Increasingly, the development of antimicrobial resistance (AMR) and drug resistant infections is being recognized as a crosscutting threat to global health. High rates of resistant infections have been documented in healthcare and community settings, in all WHO regions, and against a broad range of microorganisms. Despite the global focus, considerable gaps remain in our understanding of burden and resistance patterns, including the burden of drug-resistant infections on children in the highest mortality countries in Africa and Asia.

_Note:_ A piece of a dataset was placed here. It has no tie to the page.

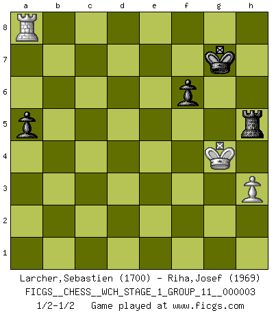 Last move : 1/2-1/2 2007 September 18 12:41:55 [Event "FICGS__CHESS__WCH_STAGE_1_GROUP_11__000003"] [Site "FICGS"] [Date "2007.07.11"] [Round "1"] [White "Larcher,Sebastien"] [Black "Riha,Josef"] [Result "1/2-1/2"] [WhiteElo "1700"] [BlackElo "1969"] 1.c4 Nf6 2.g3 e5 3.Bg2 d5 4.cxd5 Nxd5 5.Qb3 Nb6 6.Nc3 c5 7.d3 Be7 8.Be3 O-O 9.Rc1 Be6 10.Qb5 Bd7 11.Qb3 Nc6 12.Qd1 Rc8 13.Nf3 Be6 14.O-O f6 15.Nd2 Qd7 16.f4 exf4 17.Bxf4 Nd4 18.a4 Rcd8 19.a5 Nd5 20.Nxd5 Bxd5 21.Bxd5+ Qxd5 22.Nc4 f5 23.Rf2 Qe6 24.Ra1 Bf6 25.Bd2 Rd5 26.Ra3 Rfd8 27.Bc3 Bg5 28.Bd2 Be7 29.h3 Nb5 30.Rb3 Qc6 31.Ne3 Re5 32.Nc4 Re6 33.Qf1 Nd4 34.Rc3 Bf6 35.e3 Nb5 36.Rc1 Nd6 37.b4 cxb4 38.Bxb4 Nxc4 39.Rxc4 Qe8 40.Rxf5 Rxe3 41.Rxf6 gxf6 42.Rg4+ Kf7 43.Qf5 Re1+ 44.Bxe1 Qxe1+ 45.Kg2 Qd2+ 46.Kf1 Qxd3+ 47.Qxd3 Rxd3 48.Kg2 Rd5 49.Rb4 Rxa5 50.Rxb7+ Kg6 51.g4 h5 52.gxh5+ Kxh5 53.Kg3 Rg5+ 54.Kf4 a5 55.Ra7 Kg6 56.Ra8 Rh5 57.Rg8+ Kf7 58.Ra8 Kg7 59.Kg4 1/2-1/2 English, 1...Nf6 (Anglo-Indian defense) Kingside Castling by player Black (move 8) Kingside Castling by player White (move 14) 10 pieces endgame at move 49 : White KRPP , Black KRPPPP WHITE : King + 1 Rook 2 Pawns BLACK : King + 1 Rook 4 Pawns 9 pieces endgame at move 50 : White KRPP , Black KRPPP WHITE : King + 1 Rook 2 Pawns BLACK : King + 1 Rook 3 Pawns 8 pieces endgame at move 52 : White KRPP , Black KRPP WHITE : King + 1 Rook 2 Pawns BLACK : King + 1 Rook 2 Pawns 7 pieces endgame at move 52 : White KRP , Black KRPP WHITE : King + 1 Rook 1 Pawn BLACK : King + 1 Rook 2 Pawns This chess game ended in a draw. Follow this game move after move (download)We must make sure that Chess will not be like a dead language, very interesting, but for a very small group. (Sytze Faber) Je mehr wir mit Computern analysieren, desto mehr glauben wir an Verteidigung. (Vladimir Kramnik) El Rey es una pieza de pelea. ¡Usenlo!. (Wilhelm Steinitz) Plusieurs personnes se sont demandées comment Tal faisait pour gagner... En fait, c'est très simple ! Il met ses pièces au centre de l'échiquier et les sacrifie quelque part ! (David Bronstein) Chess is everything: art, science and sport. (Anatoly Karpov)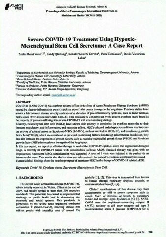 Siufui Hendrawan, prossiding and Sandy Qlintang, prossiding and Ronald Winardi Kartika, prossiding and Vera Kurniawati, prossiding and David Victorious Lukas, prossiding (2021) Severe COVID-19 Treatment Using Hypoxic-Mesenchymal Stem Cell Secretome: A Case Report. Proceedings of the lst Tarumanagara International Conference on Medicine and Health (TICMIH 2021), 4 (-). pp. 290-295. ISSN 978-94-6239-473-5, 2468-5739

However, what is clear is that AMR is not just a clinical or health services issue and to successfully mitigate it, we will have to simultaneously work across multiple fronts from generating new drugs, to designing ever more sensitive and accurate diagnostics and surveillance systems, to increasing awareness and changing patient and prescriber behaviour among many others.

Challenge

AMR is a complex problem with multiple interconnected drivers and therefore our focus is on high mortality and data-poor geographies, these approaches will likely require new concepts and approaches applied in a sufficiently robust way to lead to strategic guidance for decision-makers.

What we are looking for

We are looking for solutions to either of the following challenges:

  • Repurposing old antimicrobials to make them useful to combat infections today– Novel drug development is a long, expensive process and repurposing of old drugs is a recognised method to expedite the process of generating new drugs and drug combinations to combat the development of AMR. Therefore, we are interested in preliminary/early stage data and ideas for repurposing old antibiotics/antimicrobials that were removed from use either due to the development of resistance or being found to be inefficient or toxic then. Repurposing the drug in this case could mean the addition of an adjuvant, a non-antibiotic addition or the addition of a compound that would increase the effectiveness of the drug. We are looking to fund only preliminary studies in this area.
  • Developing simple, low-cost and rapid point-of-care diagnostic tests to differentiate between viral and bacterial infections to guide rational prescription of antibiotics at healthcare centres– Empirical treatment of illnesses with antibiotics, whether necessary or not, is a huge driver of antibiotic consumption. Empirical treatment occurs as we do not have accurate POC diagnostic devices that are readily available for doctors/ prescribers to base their decisions on. Additionally, patient expectations have been found to drive antibiotic prescriptions.
  1. We are looking for preliminary ideas and data to develop POC diagnostics that will provide the basic level of information to differentiate bacterial and viral infections at the doctor’s clinic/ healthcare institution. These would be over and above the current biomarkers used (C Reactive protein and procalcitonin). Novel ideas on use of new biomarkers to improve current bacterial/viral differentiation tests would be considered.
  2. We are looking for preliminary ideas and data to develop POC diagnostics that will provide the basic level of information to diagnose specific infectious conditions such as neonatal sepsis, VAP/HAP, infectious diarrhea, LRI, URI among others, that see high levels of resistance both in the hospital and community settings.
  • Environmental antibiotic pollution

Environmental resistance, or resistance that develops in the ambient environment is often ignored or less studied aspect which is important in the Indian scenario due to poor sanitation infrastructure, a lack of standards in effluent discharge for active pharmaceutical ingredients and lack of available treatments to remove Active Pharmaceutical Ingredients (APIs) from municipal wastewater.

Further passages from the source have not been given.